Metadata-Version: 2.1
Name: CoDaBuddy
Version: 0.0.1
Summary: Container Database Backup - A tool to backup your database containers
Home-page: https://git.connect.dzd-ev.de/dzdtools/CoDaBuddy
Author: TB
Author-email: tim.bleimehl@helmholtz-muenchen.de
License: MIT
Platform: UNKNOWN
Requires-Python: >=3.7
Description-Content-Type: text/markdown
License-File: LICENSE
Requires-Dist: DZDConfigs
Requires-Dist: Click
Requires-Dist: tabulate
Requires-Dist: humanize
Requires-Dist: pyyaml

# Container Database Buddy - CoDaBuddy


> We use the buddy system. No more flyin' solo!
>
> You need somebody watching your back at all times!

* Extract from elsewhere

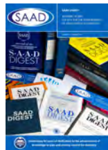
SAAD Digest 2017 Vol. 33

&nbsp;&nbsp;&nbsp;&nbsp;&nbsp;&nbsp;&nbsp;&nbsp;&nbsp;&nbsp;&nbsp;[*Rex Kwon Do - Napelon Dynamite*](https://youtu.be/Hzh9koy7b1E?t=94)

![LOGO_PLACEHOLDER](./docs/logo.png)
**This is a placeholder logo. Source: https://logomakr.com/**



A container native database setup, backup and restore solution

Maintainer: tim.bleimehl@dzd-ev.de

Status: Alpha (WIP - **do not use productive yet**)


[[_TOC_]]

# What is this (short)

CoDaBuddy helps you to automate setup and backup your database that is running in container environment (kubernetes, docker)

It relies heavily on configuration by labels ([docker-labels](https://docs.docker.com/config/labels-custom-metadata/), [kubernetes-labels](https://kubernetes.io/docs/concepts/overview/working-with-objects/labels/))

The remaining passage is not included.